Подпрыгивающий за спинами сбившихся в кучку врачей его продюсер, Родион Станкевич, заверещал, как баба, замахал жирными руками:
— Не слушайте его!.. Не слушайте!.. Доктора, уважаемые, до-ро-гие, милые, пожалуйста, делайте скорее свое дело!.. артистка умрет!.. может умереть…
— Она мертва, — твердо повторил мужчина, прижимая неподвижное тело к себе хищно, собственнически. — Говорю вам, она мертва! Не подходите!
— Что вы, — голос врача донесся до него как бы издалека, — погодите… Дайте осмотреть больную…
— Иоанн! — беспомощно, тонко, по-собачьи крикнул продюсер. — Ванька!.. Что ты мелешь!.. Ты спятил!..
Станкевич шагнул вперед. Мужчина вскочил, прижал женщину к груди.
— Я не дам вам ее.
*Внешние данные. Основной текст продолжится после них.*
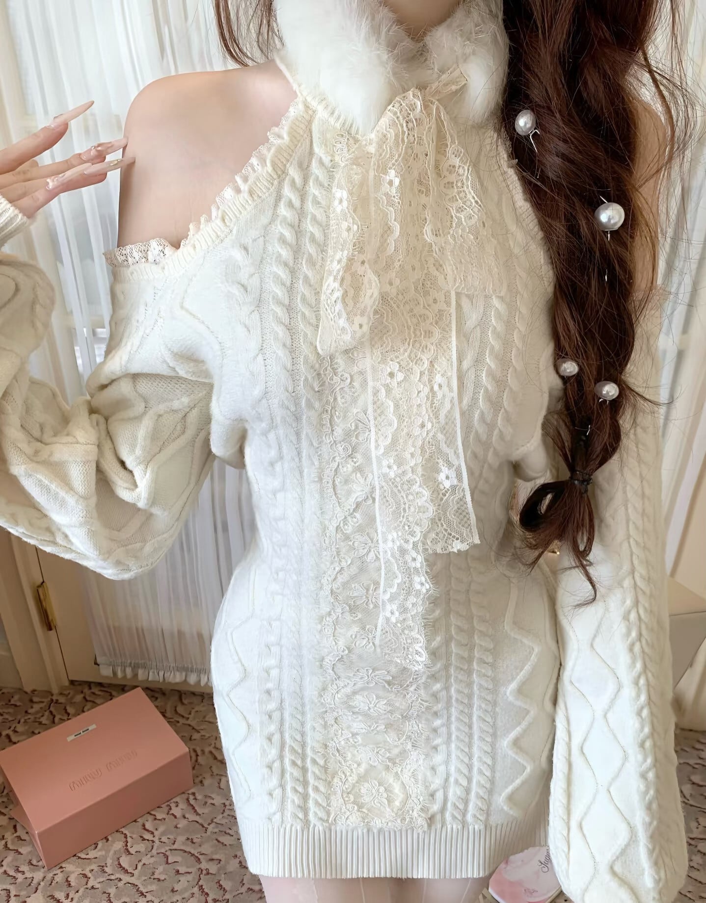 【予約商品】オフショルファーネックニットミニワンピース N3408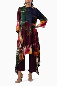 A kurta with an asymmetrical hem with kalis on the side and a front zip, paired with a solid coloured straight leg trouser.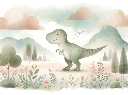 LePapierPeintLe papier peint Bébé T-rex Mignon au Milieu des Montagnes offre une escapade charmante dans un monde où l'aventure et la douceur se rejoignent. Ce ...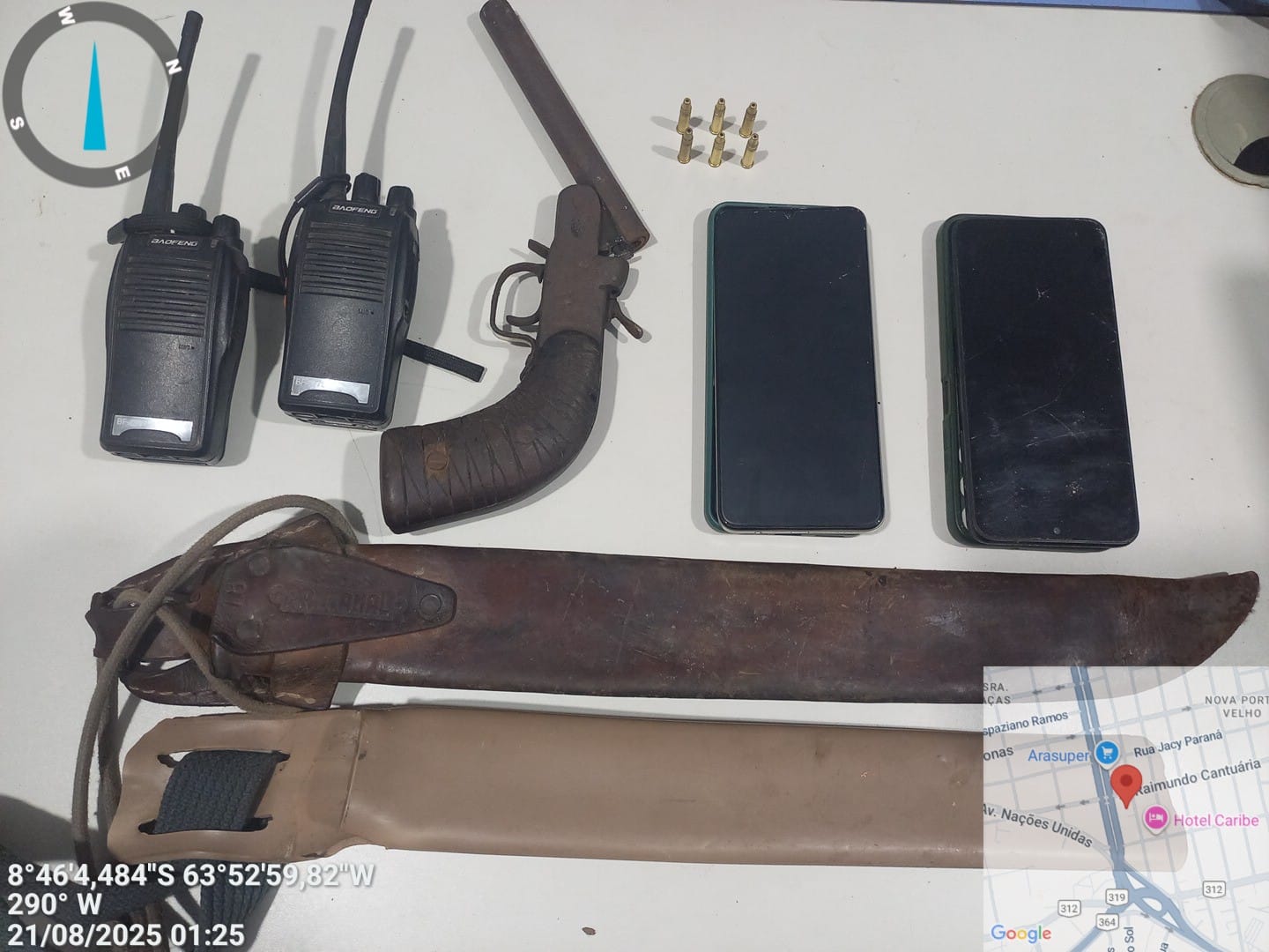 No local, a guarnição foi recebida por um oficial da PM, que conduziu os agentes até onde os suspeitos já estavam detidos. Três dos envolvidos foram autuados por porte ilegal de arma, enquanto um quarto foi preso em flagrante também por estar transportando madeira irregular — aproximadamente 3,98m³ de lascas, conforme levantamento inicial.

Можете не стараться. Отойдите! Я не отдам ее вам!
Иссиня-черная прядь выбилась из туго заколотых на затылке кос, скользнула вниз, на локоть мужчины, как черная змея.
ФЛАМЕНКО. ВЫХОД ПЕРВЫЙ. МАЛАГЕНЬЯ
Солнце тронуло вершины гор, их ножевые сколы, и они сначала засветились изнутри, потом вспыхнули, потом засверкали розово-ярко, остро, победно. Налетел ветер. Прямо над их головами, в прозрачном, напоенном запахами духмяных горных трав, светлом как тибаани воздухе жужжала пчела.
Они спали, не размыкая объятий.
Они ни на минуту не хотели расставаться. Хорошо бы врасти друг в друга… а еще лучше иметь крылья. И вместе летать, вместе взмывать в воздух. Глупые мечты. Детские мечты. Может быть, они еще дети?
«Любовники всегда дети, Иван. Они по-детски восторгаются друг другом. Твоя девушка хороша. Лучше всех. Неужели ты любишь эту девушку?»
Полосатый матрац, набитый сеном, под ними — как облако на фреске в сухумском храме Богородицы. Ему в твердую, как булыжник, ягодицу впилась сенная колючка, и он беззвучно засмеялся. Крепче обнял возлюбленную. Девушка спала крепко, смежив веки. Ее черные густые ресницы бросали на щеки стрельчатые тени, будто еловые ветки нависли над лицом. Такие густые ресницы бывают только у испанок. Такие черные, в синеву, волосы бывают только у испанок.
Его девушка была испанка.
Она пошевелилась. Он провел ладонью по ее смугло-розовой, пушистой как абрикос щеке. Она улыбнулась, и он губами выпил эту улыбку, вобрал ее, как вбирал в горах звонкую чистую струю ледяного до ожога водопада.
— Альба, — пробормотала она во сне, — альба…
Он уже знал, что «alba» по-испански значит «рассвет».
Он снова припал губами к ее губам. Они оба были наги, как в день рожденья. Не сознавая, что делают, лишь чувствуя друг друга и видя с закрытыми глазами, лишь желая друг друга до потери разума и сил, они, всецело подаваясь друг к другу, начали медленно исполнять свой обрядовый утренний танец, вечный танец любви. Он был бесконечен. Томителен. Он вбирал их в свою воронку, принимал в лоно огня, и внутри него они сами становились огнем.
Полог палатки был откинут, и солнце над горами набирало силу. Розовые сколы гор сверкали все нестерпимее. Пчела жужжала над их головами. Он распластал ее руки на матраце, она была его живым распятием; и он налег на нее, он распнулся на ней, пригвожденный к ней судьбой, не знающей пощады. Бедра их было не расцепить, они спаялись, приварились друг к другу раскаленным металлом. Он подавался навстречу ей, ощущая свое живое жаркое острие внутри нее плотно охваченным кольцом ее огня, и не сдержал стона. Она обняла его ногами, они оба легли на бок, и она наконец-то открыла глаза. Они оба двигались, качались в размеренном ритме, будто плыли в лодке по бурному морю, и волна качала их, качала, качала в утлой скорлупке маленькой жизни, внезапно ставшей для них — единой.
— Иван, — сказала она, задыхаясь, — Иван… Ты…
Она не договорила. Сияющая боль восставшего из тьмы солнца взорвалась в них обоих одновременно. Под своим животом он чувствовал ее маленький, потный горячий живот, вздрагивающий, бьющийся. Он целовал ее лицо, и он видел, как она теряет сознание от счастья.